## What is being asked:
Work through the listing below and give again exactly the lines from the one with "Votre carnation joue" to the one with "英伟达的神经网络不仅有可训练的权重参数 Φ,还有可训练的编码参数 θ。这些被排列成", both ends included. All other lines and all pictures stay out.

## Provided records:

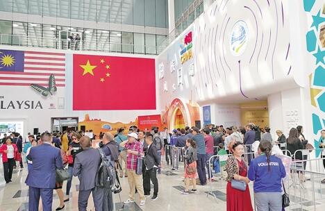 以“未来能源,绿色丝路”主题框架搭建的中国馆在阿斯塔纳专项世博会上全面展示了中国开发、利用和保护新能源的实践以及对未来能源发展的思考,同时深刻地诠释了“一带一路”建设中的绿色发展理念。图为中国馆前,参观者络绎不绝。 李遥远摄
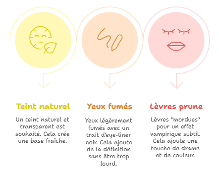 Votre carnation joue également un rôle important dans l’adaptation de ce look. Sur les peaux claires, l’effet gothique sera naturellement plus prononcé, tandis que sur les peaux plus foncées, le contraste créera un résultat plus subtil mais tout aussi élégant. Dans tous les cas, le **respect de votre teinte naturelle** est essentiel pour un rendu harmonieux.
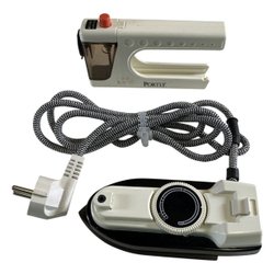 Det har en omkopplare för 100/110V och 220/240V, vilket gör det anpassningsbart för olika elnät. Strykjärnet har en temperaturreglering med inställningar.
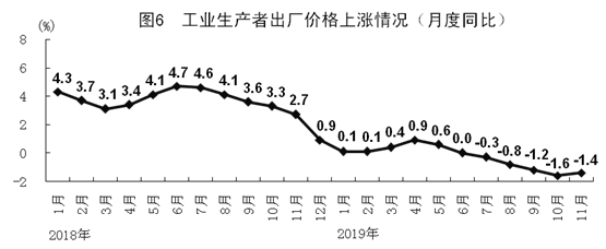 11月份,全國工業(yè)生產(chǎn)者出廠價(jià)格同比下降1.4%,降幅比上月收窄0.2個(gè)百分點(diǎn),環(huán)比下降0.1%。工業(yè)生產(chǎn)者購進(jìn)價(jià)格同比下降2.2%,環(huán)比下降0.1%。1-11月份,工業(yè)生產(chǎn)者出廠價(jià)格同比下降0.3%,工業(yè)生產(chǎn)者購進(jìn)價(jià)格下降0.7%。
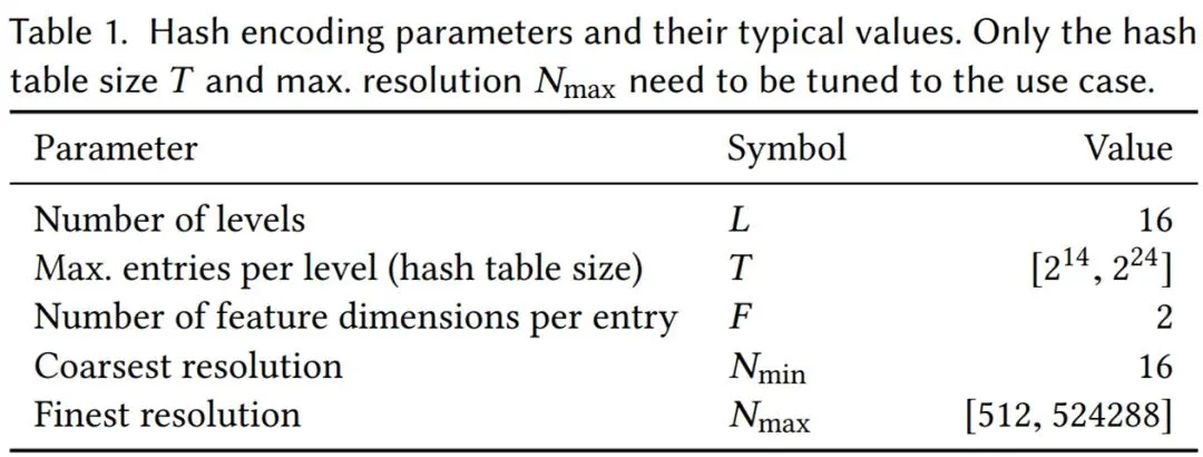 英伟达的神经网络不仅有可训练的权重参数 Φ,还有可训练的编码参数 θ。这些被排列成 L 个级别(level),每个级别包含多达 T 个 F 维 的特征向量。这些超参数的典型值如下表 1 所示:
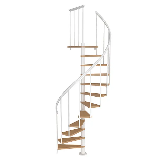 Ступени лестницы изготовлены из бука по технологии MULTIPLEX и покрыты износостойким защитным лаком. Лестница монтируется как по часовой стрелке, так и против. Возможен монтаж в круглый или квадратный проём. Ограждение: стальные трубки, Ø25 мм RAL 9016. Поручень: гибкий цельный ПВХ-поручень Ø40 мм белого цвета. Конструкция и балюстрада окрашены порошковым способом в белый цвет (RAL 9016).
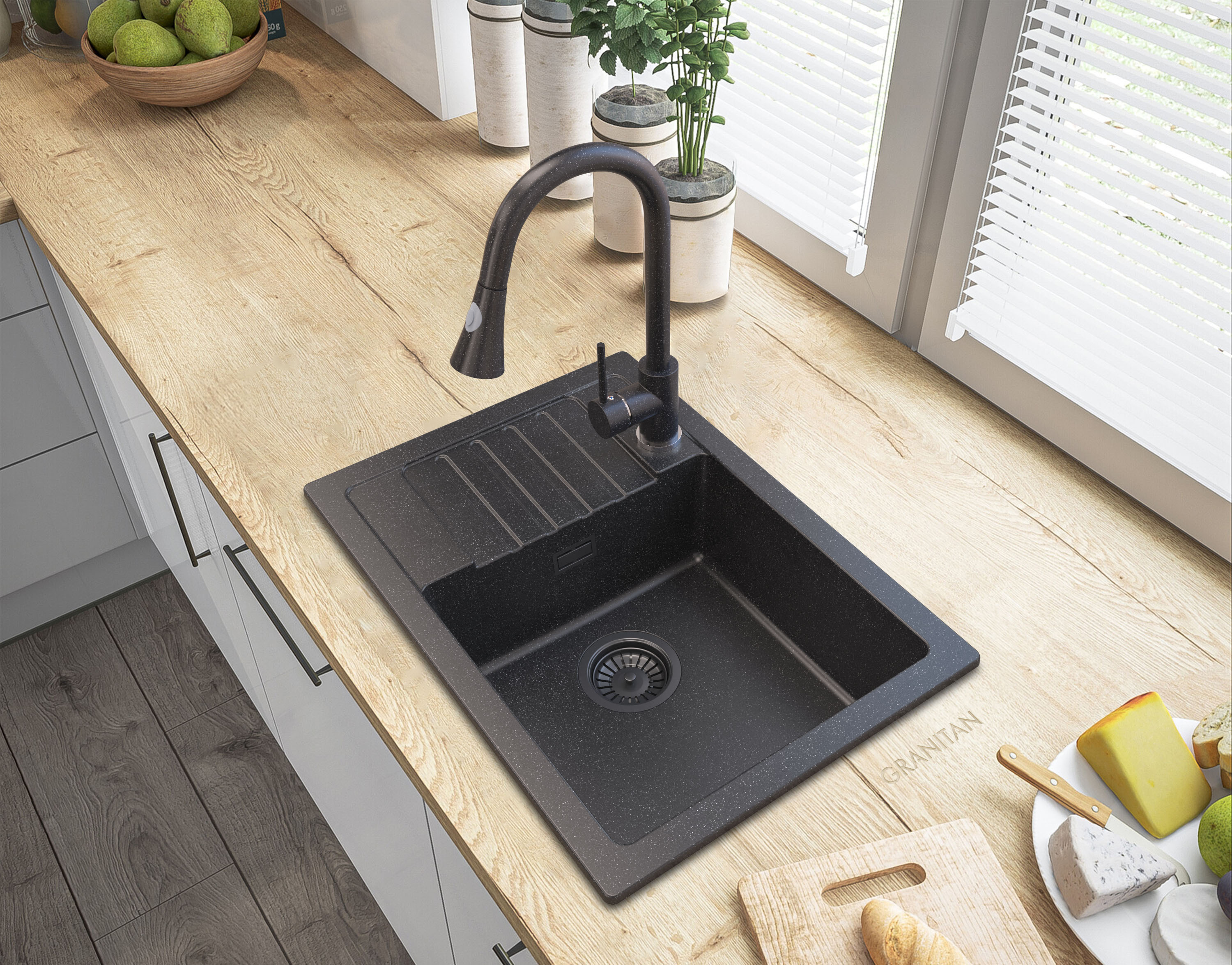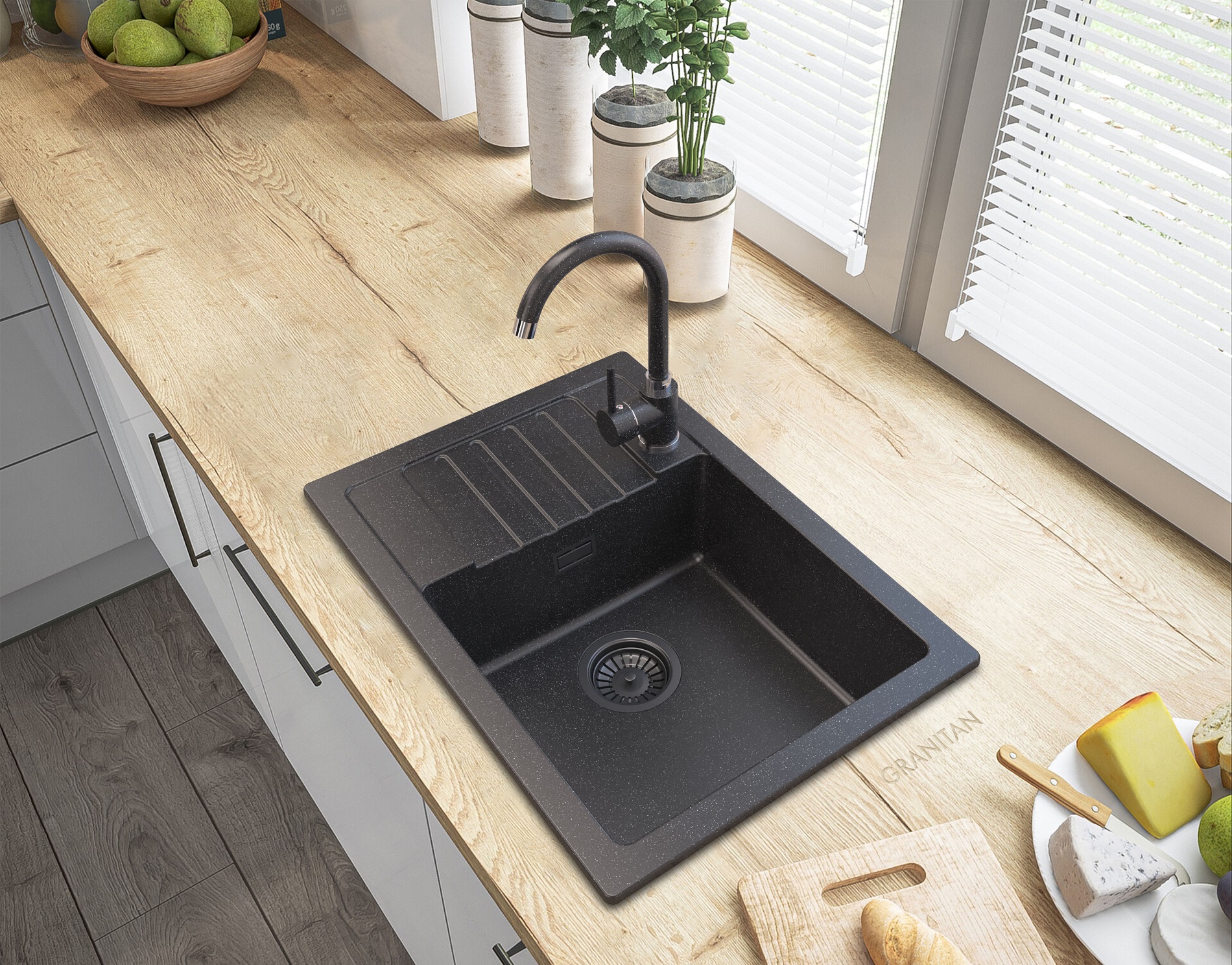 KOLOR ZLEWOZMYWAKA W POŁĄCZENIU Z SYFONEM W KOLORZE CZARNYM

## Task result:
 Votre carnation joue également un rôle important dans l’adaptation de ce look. Sur les peaux claires, l’effet gothique sera naturellement plus prononcé, tandis que sur les peaux plus foncées, le contraste créera un résultat plus subtil mais tout aussi élégant. Dans tous les cas, le **respect de votre teinte naturelle** est essentiel pour un rendu harmonieux.
 Det har en omkopplare för 100/110V och 220/240V, vilket gör det anpassningsbart för olika elnät. Strykjärnet har en temperaturreglering med inställningar.
 11月份,全國工業(yè)生產(chǎn)者出廠價(jià)格同比下降1.4%,降幅比上月收窄0.2個(gè)百分點(diǎn),環(huán)比下降0.1%。工業(yè)生產(chǎn)者購進(jìn)價(jià)格同比下降2.2%,環(huán)比下降0.1%。1-11月份,工業(yè)生產(chǎn)者出廠價(jià)格同比下降0.3%,工業(yè)生產(chǎn)者購進(jìn)價(jià)格下降0.7%。
 英伟达的神经网络不仅有可训练的权重参数 Φ,还有可训练的编码参数 θ。这些被排列成 L 个级别(level),每个级别包含多达 T 个 F 维 的特征向量。这些超参数的典型值如下表 1 所示:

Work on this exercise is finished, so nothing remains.